Campaign to revive open wells picks up amid water crisis in Bengaluru

‘A Million Wells’, a city-based initiative, has rejuvenated 2.5 lakh wells since it was launched in 2000
Last Updated 02 April 2024, 22:06 IST

A campaign to revive open wells in Bengaluru has come into sharp focus amid the ongoing water crisis. Before piped water and borewells became available, the city’s water needs were met by a network of lakes and open wells.

Titled ‘A Million Wells’, the campaign has reportedly aided in desilting, cleaning and reviving 2.5 lakh wells since it was launched in 2000. Biome Environmental Trust and voluntary citizen network Friends of Lakes are behind the initiative. They have on board 750 traditional well-diggers from the Mannu Vaddar community.

“This year, enquiries about how to set up rainwater harvesting systems and revive wells have shot through the roof. We get 10-12 enquiries from apartments and gated communities almost daily. These are located on the city’s periphery, where people depend on borewells and tankers,” says Vishwanath S, a trustee. He is a water conservationist and urban planner.

Well-diggers, he says, are busy digging new recharge wells and restoring old discharge (withdrawal) wells.

“Recharge wells collect rainwater and push that down to aquifers while discharge wells draw water from the ground,” he explains. 
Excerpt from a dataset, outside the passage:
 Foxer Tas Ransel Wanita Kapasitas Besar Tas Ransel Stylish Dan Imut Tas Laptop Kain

In the last week alone, Shankar has restored five wells running up to 25 feet deep. These were spread across Domlur, Halasuru, Banashankari, Shivajinagar and Silk Board. Traditional well diggers like him can locate forgotten wells. “These wells can provide 4,000-5,000 litres of water for five families at any given time. I got these enquiries from independent houses and small buildings,” he shares.
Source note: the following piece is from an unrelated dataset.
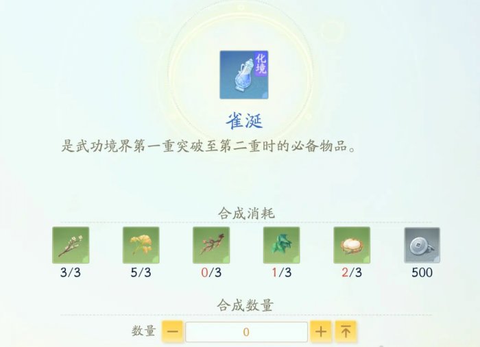2、雀涎获取:需要多数材料合成(皓雪梅*3长庆楼屋内采集)(朱砂梅*3长庆楼屋内采集)(醉王孙*3城内落叶处可采集)(地锦*3王二脚店屋顶采集)(白额雁蛋*3灵水院屋顶采集)(500碎银)

Wells located in the proximity of desilted lakes can be revived in a matter of 3-4 days, says Vishwanath. They need to be cleaned and disinfected once a year and desilted in 5-7 years.

Vishwanath shares an example of a neighbourhood that’s benefitting from timely efforts. “An old well was cleaned up in Kanteerava Nagar a month ago. It is supplying water for non-potable use to 500-700 families now. It is part of the Amrut 2.0 Shallow Aquifer Management pilot project by the government of India and the BBMP is implementing that in Bengaluru.”

The project was also carried out in Jakkur, Horamavu, Avalahalli and Nandini Layout and concluded this week. “Reviving wells is not the only solution. But it will surely play a major role in solving the city’s water crisis,” says Vishwanath.